Challenge bleak thoughts
Ask yourself what you would say to a friend who was prey to the kind of bleak, negative thoughts that are getting you down. Then tell yourself the same positive message. Write that positive message down and put it somewhere you can see it. Read your friendly advice over whenever you feel down.
Have a chat
Phone a friend or meet up for a chat. You don't have to talk about anything "heavy" if you don't want to, a friendly conversation about things that interest you both will lift your spirits. Isolation tends to exaggerate negative thoughts so reaching out to someone will have a positive effect.
Plan your week
List things you have to do and things you would like to do in the coming week. Transcribe your list into a diary. For every "must do" item, try to find a "would like to do" activity as a small reward. Tick off the items as you do them, to track your progress.
Follow a routine
Decide on regular times to go to bed, get up, and take meals. Keeping to a routine helps you get through the day and avoid "lost" periods when you sit around brooding. Your routine will also help you settle and get a full night's sleep.
Try something new
Try a new hobby to stimulate your interest in life. Or you could try a new food that you haven't tasted before, or explore a place you've never visited. Experiencing new things will help you feel refreshed and reinvigorated. They say a change is as good as a rest.

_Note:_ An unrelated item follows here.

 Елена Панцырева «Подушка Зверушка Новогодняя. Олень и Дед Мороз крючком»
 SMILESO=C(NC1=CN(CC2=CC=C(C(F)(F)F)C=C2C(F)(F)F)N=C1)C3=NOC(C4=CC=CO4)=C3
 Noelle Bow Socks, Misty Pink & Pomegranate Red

Go for a walk, or a run or a bike ride. Get out in the open air and in natural daylight. Your mood will improve, particularly in winter. Go the gym or exercise at home. According to Health magazine, a study of people with depression who worked-out regularly found the severity of their symptoms reduced by nearly half.

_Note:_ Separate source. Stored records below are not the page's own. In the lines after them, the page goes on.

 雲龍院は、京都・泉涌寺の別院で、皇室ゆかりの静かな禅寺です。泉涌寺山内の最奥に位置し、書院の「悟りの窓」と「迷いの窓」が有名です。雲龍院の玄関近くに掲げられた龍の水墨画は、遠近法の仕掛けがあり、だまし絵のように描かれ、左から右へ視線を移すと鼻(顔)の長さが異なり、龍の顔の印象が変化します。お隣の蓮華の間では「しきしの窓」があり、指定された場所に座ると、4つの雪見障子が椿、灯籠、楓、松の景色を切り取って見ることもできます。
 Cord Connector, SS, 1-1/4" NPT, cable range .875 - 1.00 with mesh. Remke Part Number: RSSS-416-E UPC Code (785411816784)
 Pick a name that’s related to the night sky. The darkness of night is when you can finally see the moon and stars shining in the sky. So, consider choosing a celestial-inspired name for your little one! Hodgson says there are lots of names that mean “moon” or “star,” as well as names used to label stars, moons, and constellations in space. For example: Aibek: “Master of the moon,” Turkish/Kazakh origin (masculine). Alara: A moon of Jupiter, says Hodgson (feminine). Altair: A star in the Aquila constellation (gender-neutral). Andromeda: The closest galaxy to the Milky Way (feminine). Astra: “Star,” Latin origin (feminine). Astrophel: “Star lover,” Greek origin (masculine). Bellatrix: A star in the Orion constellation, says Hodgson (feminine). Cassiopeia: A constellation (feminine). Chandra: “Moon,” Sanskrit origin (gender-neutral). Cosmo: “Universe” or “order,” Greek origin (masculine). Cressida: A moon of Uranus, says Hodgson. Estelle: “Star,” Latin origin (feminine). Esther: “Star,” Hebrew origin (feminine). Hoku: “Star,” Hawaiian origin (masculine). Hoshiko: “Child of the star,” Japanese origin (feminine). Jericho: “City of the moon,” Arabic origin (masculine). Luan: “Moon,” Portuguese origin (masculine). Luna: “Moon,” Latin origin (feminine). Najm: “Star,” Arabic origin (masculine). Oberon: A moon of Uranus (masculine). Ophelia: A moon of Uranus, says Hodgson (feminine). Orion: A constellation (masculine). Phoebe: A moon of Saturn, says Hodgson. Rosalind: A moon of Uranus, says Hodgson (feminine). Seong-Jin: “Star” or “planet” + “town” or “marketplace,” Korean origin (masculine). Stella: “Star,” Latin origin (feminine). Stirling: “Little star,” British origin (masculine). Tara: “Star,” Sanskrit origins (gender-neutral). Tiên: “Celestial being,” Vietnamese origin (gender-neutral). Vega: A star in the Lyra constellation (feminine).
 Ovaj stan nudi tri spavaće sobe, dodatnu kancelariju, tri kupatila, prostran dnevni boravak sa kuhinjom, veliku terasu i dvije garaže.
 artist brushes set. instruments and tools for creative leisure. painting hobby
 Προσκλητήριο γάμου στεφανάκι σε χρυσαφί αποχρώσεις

Eat seafood every week. A Dutch study quoted by Reader's Digest found people who eat seafood regularly are less likely to suffer from depression. Researchers think it's down to the omega-3 fatty acids found in fish. If you can't stand seafood, ground flax seeds are another good source of omega-3. Try them sprinkled on your breakfast cereal.
Make something useful or beautiful. Whether it's painting a picture, writing a poem, building some bookshelves or baking a cake, use whatever skills you have to be creative. The creative process distracts you from negative thoughts, and the sense of achievement you get from a job well done will give you a huge boost.
Stroke a pet
Play with a pet cat or dog, or stroke a rabbit to help raise your spirits. Researchers at the University of Missouri found playing with a dog for just a few minutes a day raises levels of serotonin and oxytocin in the blood, chemicals released by the body when we are happy.
Do something kind for someone else: a friend, a relative, a neighbour or a stranger. You could send your sister a present, donate to a charity, help an elderly person with shopping or volunteer with a youth group. Put a smile on someone else's face and you'll put one on your own.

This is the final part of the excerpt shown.